$2.2 bn Government Aid to Save Thai Airways From Bankruptcy

Thai Airways B777 approaching to land.
Tomo 121, CC BY-SA 3.0, via Wikimedia Commons

LONDON – Thai Airways (THAI) passenger numbers have risen to more than 13,000 passengers a day in recent months, from a modest 2,000 a day at the start of the year, as the airline focuses its passenger flight services on the access to Thailand for travellers from Europe.

This includes direct flights serving Copenhagen, Oslo, Stockholm, London, Paris and other European destinations. Additionally, the company recently opened flights to and from Singapore and Malaysia.
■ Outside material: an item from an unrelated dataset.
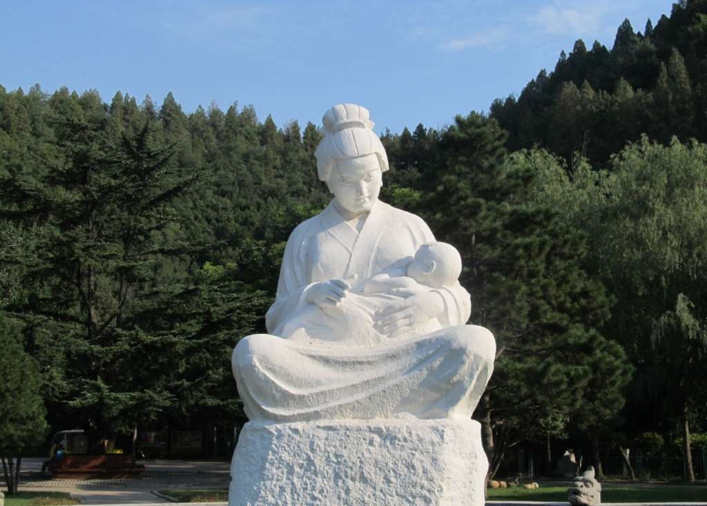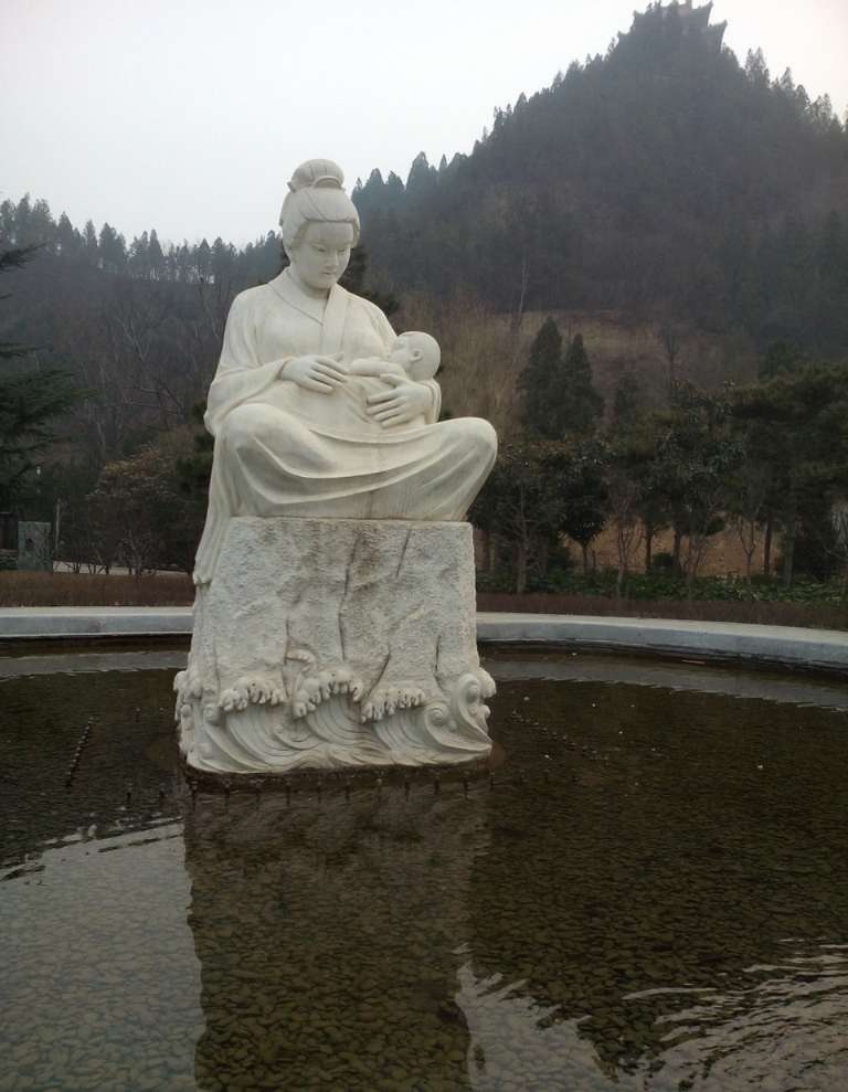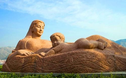 鄭州黃河游覽區的黃河母親像,母親懷抱孩子,做哺乳狀,坐在白玉石之上。母親眼神低垂,愛憐有加,表達了母親對孩子的愛護與垂憐之意。

The national airline also works with partner airlines on its flights to Dubai. Domestically, its subsidiary, Thai Smile, operates and expands its domestic flight schedule, including connections from Suvarnabhumi Airport to Roi-Et and Trang, with regular flights from Don Mueang Airport to Chiang Mai.

The airline has proven to be of strategic importance to the Asian kingdom this year, as other international carriers have been slow to resume their full range of services to Bangkok’s Suvarnabhumi Airport and other Thai international airports due to resource constraints.

The recovery in demand for international air travel has been surprisingly strong, leaving airlines struggling to find airport-based staff.

The Thai Airways Association has seven member airlines: Bangkok Airways, Thai AirAsia, Thai AirAsia X, Thai Smile Airways, Nok Air, Thai Lion Air and Thai Vietjet.

Government backing for Thai Airways


Meanwhile, Thai Airways International will receive major financial backing from the government for its 80 billion baht ($2.2 billion) capital raise and debt-for-equity swap plan to save the carrier from bankruptcy.

“State-owned banks will lead to fund new loans, swap debt and inject capital into Thai Airways under a revised renewal plan that the airline submitted for court approval last month”, said Finance Minister Arkhom Termpittayapaisith in an August 8 interview with Bloomberg news.

He said the ministry and other agencies will continue to maintain a combined share of at least 40%, but the percentage will not exceed 50% to incentivize the carrier to continue to be competitive.

The carrier’s court-supervised debt restructuring plan is expected to be completed in 2024. It previously filed for bankruptcy protection in 2020, due to accumulated losses from 2013. However, the recent recovery of global air transport helped Thai Airways increase its cash flow and reduce loans.

The financial improvement and capital increase plan will accelerate the resumption of trading in the company’s shares, which was suspended in May, the official said, adding that the previous timeline for resumption of trading was in 2025.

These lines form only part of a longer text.